◆ RECORDS SUPPLIED:
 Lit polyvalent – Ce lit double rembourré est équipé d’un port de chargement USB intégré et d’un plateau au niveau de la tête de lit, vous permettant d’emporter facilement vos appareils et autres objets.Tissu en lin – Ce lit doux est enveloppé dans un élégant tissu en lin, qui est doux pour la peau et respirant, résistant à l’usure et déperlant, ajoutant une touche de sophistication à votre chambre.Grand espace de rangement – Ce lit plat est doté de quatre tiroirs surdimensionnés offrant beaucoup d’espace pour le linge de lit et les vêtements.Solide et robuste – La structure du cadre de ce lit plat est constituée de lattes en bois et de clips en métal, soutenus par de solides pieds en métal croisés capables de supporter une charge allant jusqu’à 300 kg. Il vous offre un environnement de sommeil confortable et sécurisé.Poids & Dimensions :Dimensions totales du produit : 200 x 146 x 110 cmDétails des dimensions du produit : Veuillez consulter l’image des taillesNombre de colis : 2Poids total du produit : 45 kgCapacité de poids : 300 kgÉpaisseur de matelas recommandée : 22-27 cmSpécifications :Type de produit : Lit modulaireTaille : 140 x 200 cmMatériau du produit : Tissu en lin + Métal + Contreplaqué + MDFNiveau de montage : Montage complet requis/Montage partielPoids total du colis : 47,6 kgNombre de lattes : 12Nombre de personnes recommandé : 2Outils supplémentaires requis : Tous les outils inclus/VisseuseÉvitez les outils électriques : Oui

---

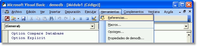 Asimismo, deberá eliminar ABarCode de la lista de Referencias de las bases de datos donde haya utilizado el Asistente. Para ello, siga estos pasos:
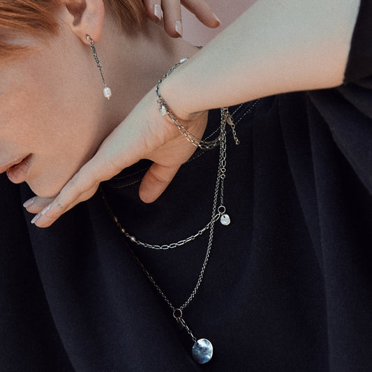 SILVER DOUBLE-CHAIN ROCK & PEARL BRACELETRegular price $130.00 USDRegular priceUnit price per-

---

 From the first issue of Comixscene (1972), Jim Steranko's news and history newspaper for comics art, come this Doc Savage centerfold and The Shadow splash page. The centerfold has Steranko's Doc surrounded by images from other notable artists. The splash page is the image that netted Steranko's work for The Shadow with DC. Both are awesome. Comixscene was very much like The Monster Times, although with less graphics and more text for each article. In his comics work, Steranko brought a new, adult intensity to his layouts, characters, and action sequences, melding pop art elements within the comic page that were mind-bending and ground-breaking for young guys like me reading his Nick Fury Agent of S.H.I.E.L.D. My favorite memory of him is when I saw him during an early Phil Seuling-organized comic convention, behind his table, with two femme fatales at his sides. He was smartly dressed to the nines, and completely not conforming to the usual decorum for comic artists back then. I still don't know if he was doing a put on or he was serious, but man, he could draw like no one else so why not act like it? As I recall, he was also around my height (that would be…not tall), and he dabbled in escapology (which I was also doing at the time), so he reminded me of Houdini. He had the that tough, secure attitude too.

◆ EXERCISE REQUIREMENTS: When you reach the line that has "Asimismo, deberá eliminar" in the data above, start repeating lines exactly, and stop after the line that has "SILVER DOUBLE-CHAIN ROCK"; pictures stay out.

◆ THE ANSWER:
 Asimismo, deberá eliminar ABarCode de la lista de Referencias de las bases de datos donde haya utilizado el Asistente. Para ello, siga estos pasos:
 SILVER DOUBLE-CHAIN ROCK & PEARL BRACELETRegular price $130.00 USDRegular priceUnit price per-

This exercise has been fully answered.